Written by Garrett Hayes

Last updated on Apr 29th, 2024
3 birds on snowy ground

Among the blackbirds in the northern continent, you only get to encounter a few of them in each region. Such birds are well-known for inhabiting many habitats; hence, they are familiar to many birding enthusiasts.


Some of these birds are similar-looking at first glance, like the European starling and the common grackle, making identification pretty challenging. Their resemblances can be confounding, especially for new birders spotting them at feeders.

Thus, please continue reading if you wish to know more about these two birds as we go over a comprehensive comparison between starling vs grackle.

Main Differences Between Grackles And Starlings

The main difference between grackles and starlings are:

  • The grackle is a larger bird, whereas the starling is a smaller black bird.
  • A grackle features a longer tail, whereas the starling has a shorter tail.
  • Grackles' legs are dark, whereas starlings have pinkish legs.
  • Grackles prefer the open grasslands, whereas starlings like dwelling in towns.

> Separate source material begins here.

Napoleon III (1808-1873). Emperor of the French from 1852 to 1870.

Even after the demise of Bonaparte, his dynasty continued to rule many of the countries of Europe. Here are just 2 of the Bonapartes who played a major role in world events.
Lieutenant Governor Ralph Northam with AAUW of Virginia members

The Diversity Of Grackles, Starlings, And Similar-Looking Species

The confusion in identifying the starling or grackle can be typical among birdwatchers since many notice how these creatures often flock together. You might even see these two hanging out at feeders or flocking with the rusty blackbird and the cowbird.

Occasionally, people confuse one for the other and even think they are in the same family.

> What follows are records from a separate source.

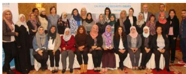
Consultation Meeting on Political Progress Post-Peace Agreement, Amman, March 2017

Women's Political Participation within Yemen's Peace Process and Transition . This GBP 0.8 million UK-funded programme ran from August 2016 to July 2018 and engaged more than 500 Yemeni women leaders in the peace and reconciliation process in the country.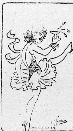
"Comedy and a strong sense of humor isn't bread within."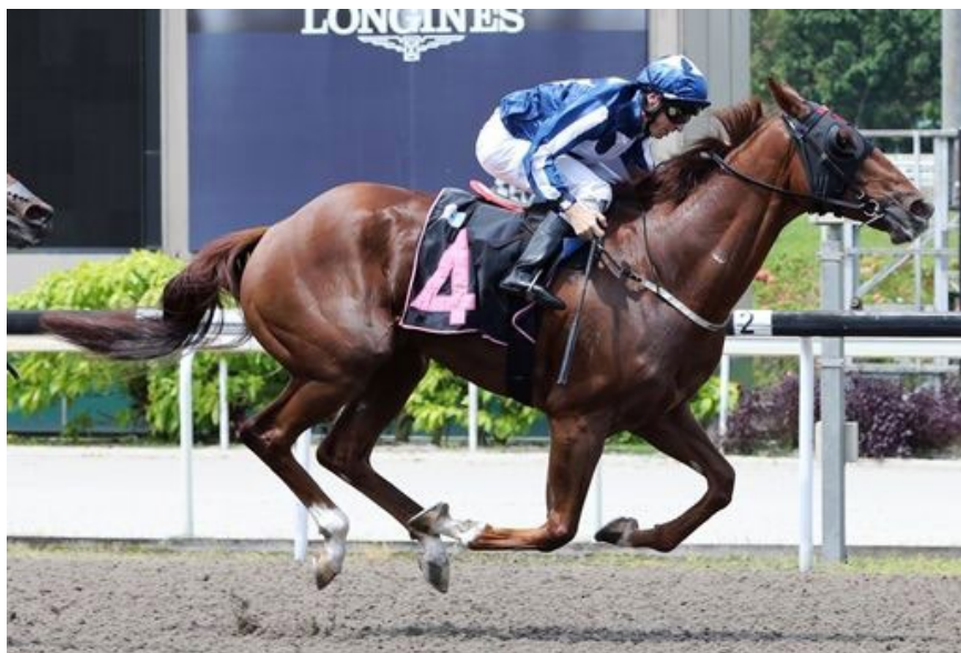
Duke of Normandy is well in charge as he scores at Kranji

“His sectional times have been fantastic ever since he’s been with me. He was more of a 2000m horse before he came to me, but I’m glad he’s shown he can be dropped back and

To avoid such misconceptions among blackbirds, remember that ravens are members of the Corvidae family, as are the American crow and the blue jay. Grackles are members of the Icteridae family, as are various blackbirds such as meadowlarks, Bobolinks, and orioles.

Both birds might have nearly identical glossy, black plumes, but aside from comparing starling vs grackle, there are still other similar-looking birds.

With that in mind, an in-depth comparison of grackle vs starling would help recognize these two birds and tell each one apart from the other.

1. Distribution

The grackle population is prevalent across North America and is a year-round resident bird in most of its range. Despite being a bird problem to farmers, a grackle prospers well in European settlement.

Like the house sparrow, the European starling is not a native bird species in the northern region.

Shakespeare enthusiasts brought starlings to the north in 1890, which are now among the continent's most abundant songbirds. These birds are one of the earliest nesting passerines in the Midwest, migrating during the daytime like the starling and cowbird.

Among the three grackle species, the boat tailed grackle has the most limited range, rarely away from its breeding ground. Meanwhile, the common and the great tailed grackle have overlapping ranges.

2. Body Size And Appearance

Common grackles are easily identifiable by their sharp, tapered bills and yellow eyes. These blackbirds are taller and have sizable bodies with long, keel-shaped tails. Starlings, cowbirds, and blackbirds are smaller-sized than the grackles, and the other larger-sized birds like the crow, and the common raven.

Even the cowbird is smaller than the grackle and has a shorter tail. Moreover, a blackbird has a medium-sized beak, a cowbird's beak is thicker, and a breeding starling has a tapered beak in bright yellow.

3. Plumage Color


The grackles have glossy-iridescent plumages. Aside from the glossy black feathers, the male grackle also shows bronze, purple, or green iridescence on the back, depending on its variation. On the other hand, a female grackle has a dull overall look and is slightly smaller.

A quick look makes starlings seem entirely black; its dark sheen is one of the few things why some individuals are confused between starlings and grackles.

Although, a closer glimpse reveals that their heads and underparts to the breast are hues of iridescent purple and some green on the flanks. Unlike its parents' glossy, metallic black plumage, a starling juvenile has a pale brown shade. 

A starling's upper body has a dark shade with subtle flecks on its rump, wings, and mantle. The male starling has fewer spots than the female starling; both sexes have yellow bills and pinkish legs.

4. Habitat

Grackles are well-adapted to human environments, and so are the starlings.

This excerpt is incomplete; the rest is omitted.